The key is to know your input voltage threshold. Make sure the voltage drop in the ground lead is well below this, or else a transmitter at a high ground potential will not be able to pull the voltage low enough. Lack of tolerance for ground offsets IMHO is the biggest reason to use RS485 or can transceivers (I2C over CAN is mentioned in a few application notes).
Ideally, all devices will have their own wall wart and battery and no power will be sent over the ground wire between devices.
But, lets take CAT5 for example.
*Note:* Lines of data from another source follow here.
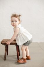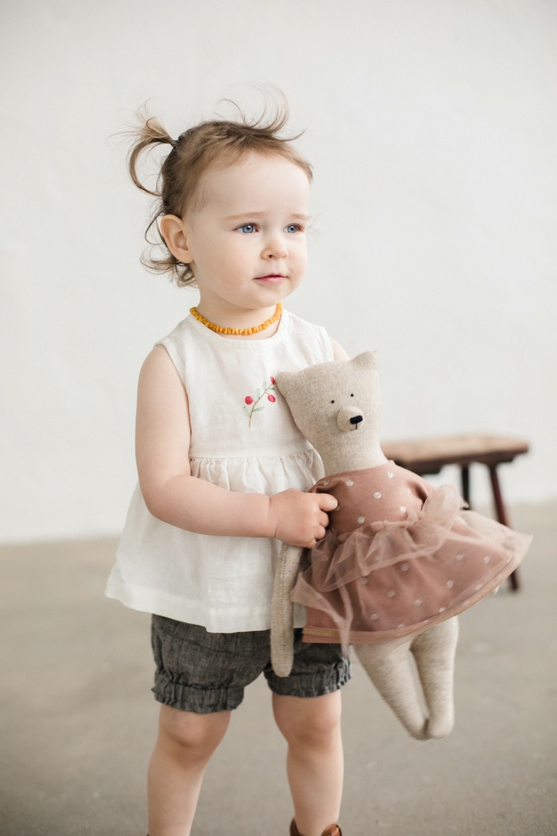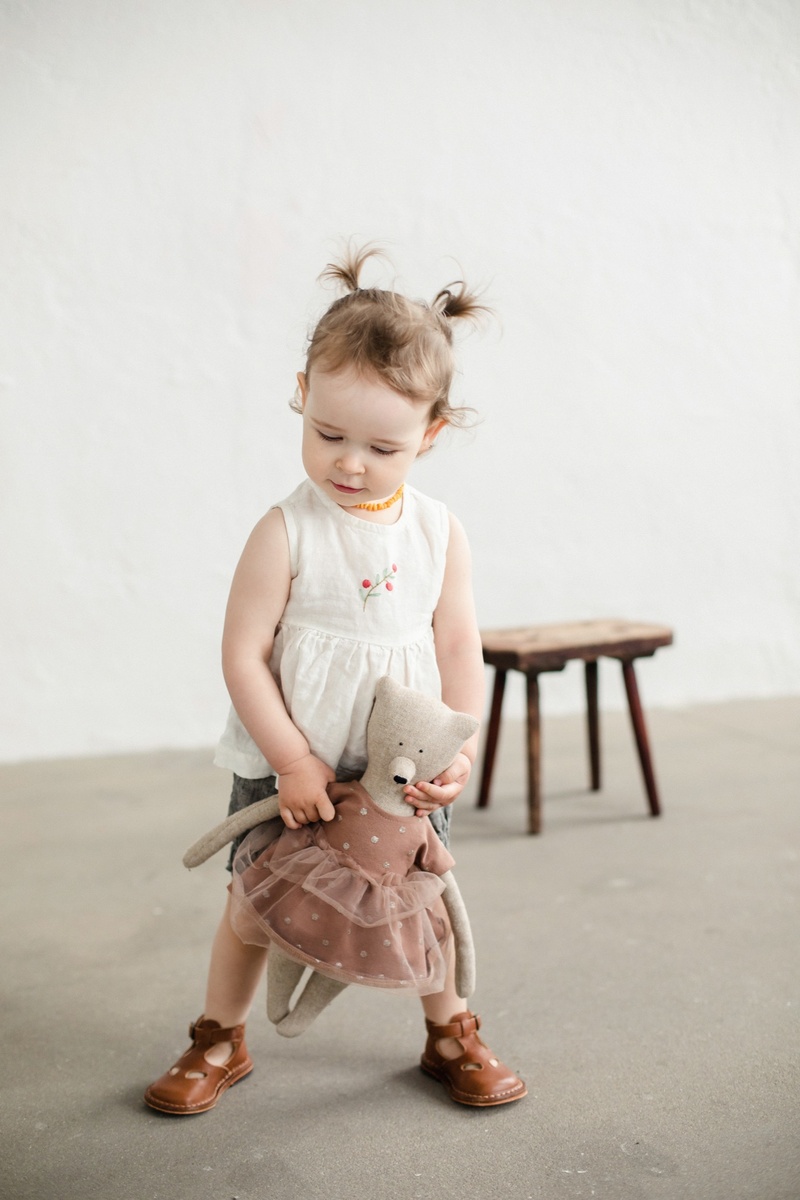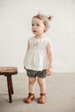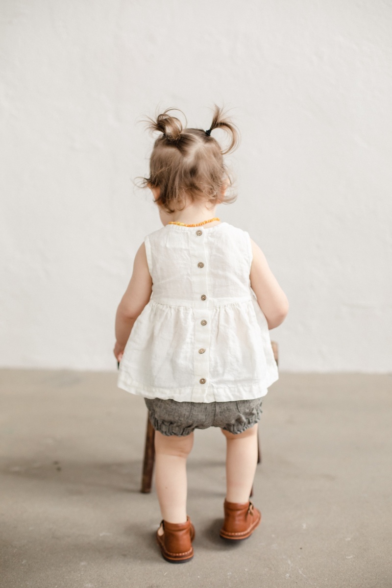 The sleeveless linen top has unlimited freedom of movement for playing and exploring the world. The charming empire waist detail adds playfulness and makes it fit for any celebration.In the pictures:
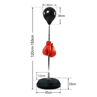 This Free-Standing Boxing Set comes pre-packaged with a punching ball on a sturdy stand, pair of boxing gloves, air pump and spanner. With easy assembly, this boxing set features a durable PU punching ball, sprung chrome bar, 12cm tension spring and a steel stand mounted on a sturdy base. Simply fill the base with sand or water for added stability and adjust the height between 121cm-145cm to get started.
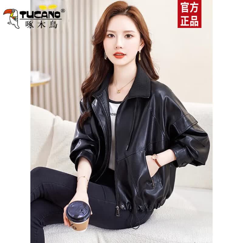 啄木鸟真皮皮衣女短款韩版2025新款海宁立领气质夹克休闲宽松绵羊皮外套 黑色 L 120-145斤
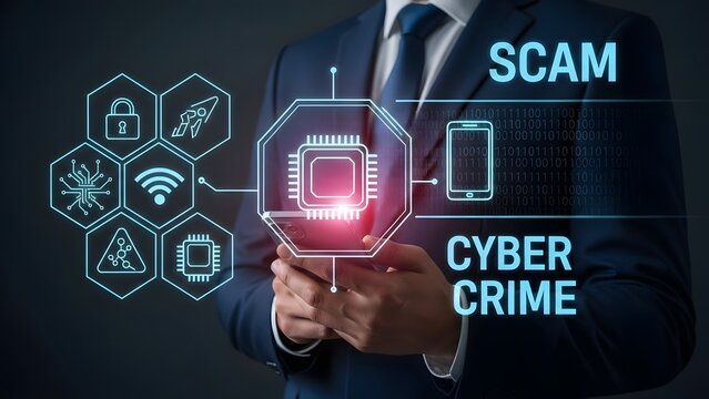 Illustration of businessman holding glowing digital document icon with shield overlay against abstract blue background featuring world map and data flow
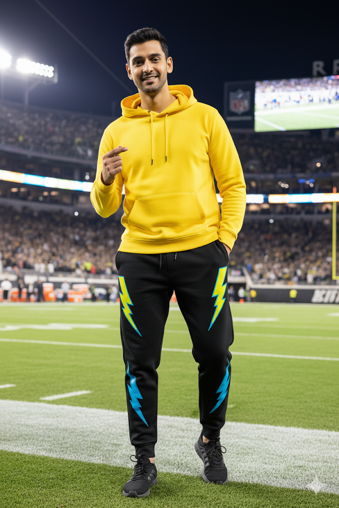 The “Lightning Strike” Graphic Joggers: These aren’t your average black joggers. They feature a modern, tapered fit with cuffed ankles for a clean silhouette. The true power lies in the bold lightning bolt graphics on the thighs, rendered in a striking gradient of electric blue and yellow, perfectly tying the whole look together.
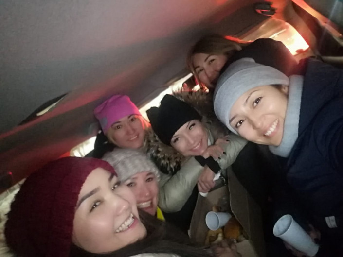 Эти девушки - волонтеры фонда "Демеу". Если однажды в морозный день они предложат вам чашку горячего чая на улице, не удивляйтесь.

CAT5 can't be higher than 52pf/m, or it isn't CAT5.
100m of 52pf cable has a capacitance of 5200pf or 5.2nf.
5.2n times 20kohms (pullup) gives a time constant of about 104 microseconds. That limits speed to about 10kHz or so.
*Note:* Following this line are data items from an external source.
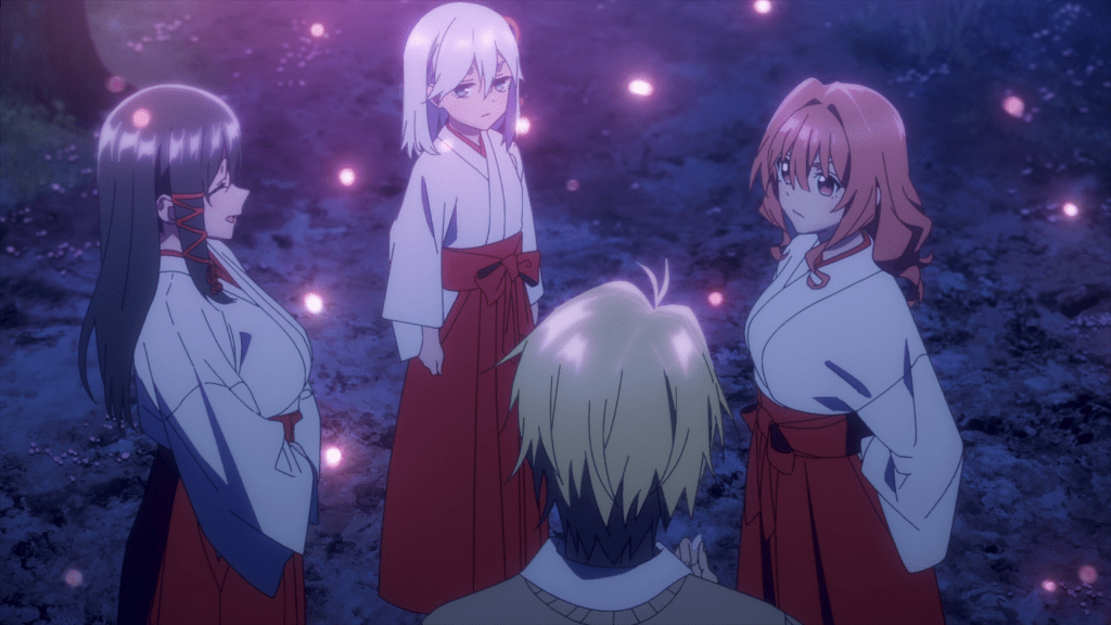 Life has been hard for 17-year-old high school student Uryu Kamihate. Having grown up in an orphanage after losing his mother to illness, Uryu is determined to make it into the top medical school in Japan, and as such decides to live at a shrine in Kyoto to focus on his studies, even though he no longer believes in gods and miracles. Upon arriving at Amagami Shrine, Uryu accidentally walks in on the three shrine maidens, undressed of course, and it goes about as expected—they call him a pervert and kick him out. Creativity? What is that? After resolving the misunderstanding, we are formally introduced to the titular Amagami sisters: big sister Yae, little sister Asahi, and middle child and typical tsundere Yuna. Of course, Yuna and Uryu get along like oil and water in the beginning—the two clashing over stereotypical perverted moments and their various beliefs (or non-beliefs in Uryu’s case), but after a few shenanigans involving a missing hair tie, the two reach an understanding and make nice. Of course, it’s revealed at the end of the episode in a post-credits scene that the priest in charge of the shrine intends to have Uryu marry one of his granddaughters and take over the temple. Cue the shenanagins…I guess.
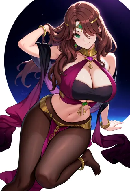 Plegian: brown hair, anklet, bandeau, barefoot, bracelet, circlet, green eyes, jewelry, long hair, midriff, pantyhose, shawl, gradient shawl, purple halter top, black bandeau, purple pelvic curtain, hair over one eye,
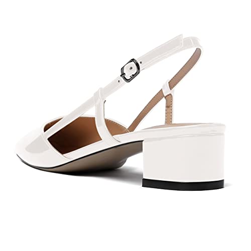 • ☞GLAMOUROUS DESIGN: Standing on a 1.5 inch chunky heel, this timeless square toe slingback pumps are neatly designed with pure proportions and thus wearable with any outfit from skinny pants to cocktail dresses.
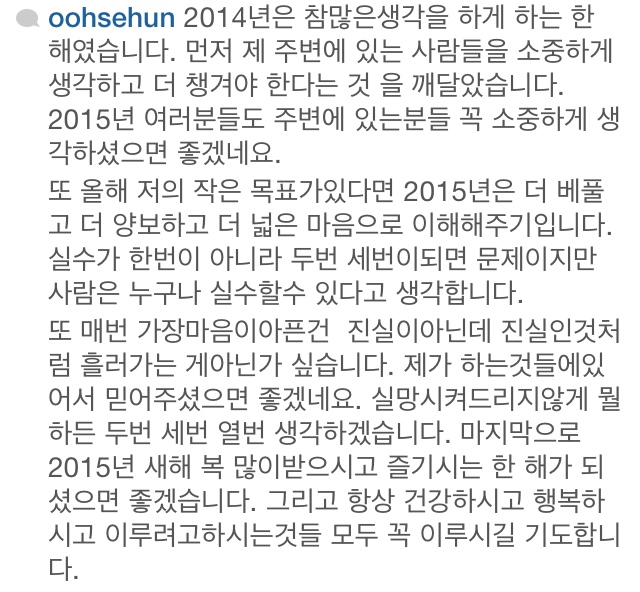 うん、まあでも。あなたがウェイボ始めたこともインスタ更新することも、喜ばしいと歓迎する子の方が多い、楽しんで^^最後に残るものは写真だと、知っているセフンちゃんはとっても聡いよ。
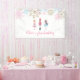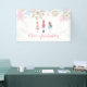 Nutcracker winter birthday pink, blue and gold glitter snowflakes banner.
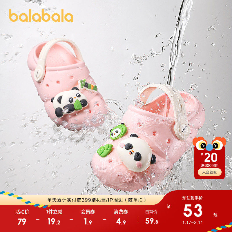 巴拉巴拉童鞋儿童洞洞鞋男童女童凉拖鞋卡通熊猫粽子图案夏季新款

Using 2.2kohm pullups, you could probably get to 100kHz.
I have heard that devices should have a resistor on SDL and SCK, because of the big capacitive load they are driving, of something like 180 or 200 ohms.
But honestly, I2C is not at all the way to go for long distances. CAN transceivers or RS485 used with normal UART is a robust solution with very good fault protection, ESD resistance, speed, distance, etc, at a cost of a dollar a chip or so, ground offsets don't matter nearly as much so you are free to carry power along with data.
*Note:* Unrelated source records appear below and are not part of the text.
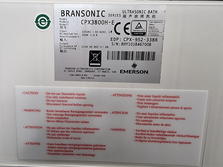 . Maker : BRANSONIC ULTRASONIC CLEANER  . Model : CPX3800H-E  . ³»ºÎ¿ëÀû : 5.7 L  . W300 X D150 X H150 mm  . Power : 220V
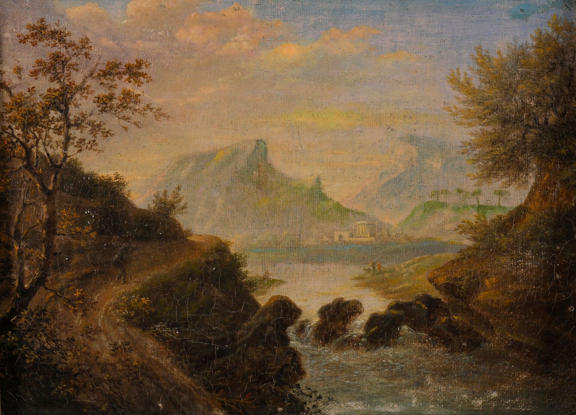 19th century French school, Animated landscape with a stream, oil on canvas. 24 x 32.5 cm
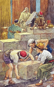 En wanneer Mozes zijn hand ophief, had Israël de overhand, maar wanneer hij zijn hand liet zakken, had Amalek de overhand. Toen de handen van Mozes zwaar werden, namen zij
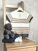 Children’s cotton jumper with short sleeves and a polo fastener with stripes has a seamless design - raglan. Tied from top to bottom. The description contains one size for the height 104 cm. The width of the product is 35 cm, the length of the product is 42 cm.
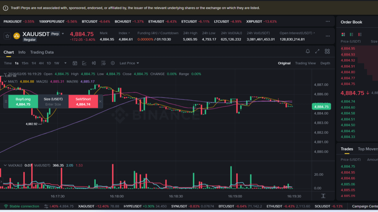 The screenshot shows a Binance futures chart for XAUUSDT Perpetual (Gold vs USDT) at approximately $4,884.75, with the price appearing stable or flat in the very short term (last price matches mark price, 0.00% change shown in the recent candle). The chart displays:

The only downside is that a can transceiver can reach 70ma transmitting and 1 or 2ma just listening, so I2C or direct TTL UART might be useful in extreme low power situations, but consider how much time you actually spend sending."
It seems that if the reading frequency is low enough, there is a chance that the I2C communication may work over large distance. We do not need speed for reading weather sensors data, therefore I am confident it will work if we can drastically reduce the communication frequency on this I2C bus. I also may need to power the sensors with dedicated wall warts and not through the 30 m cable.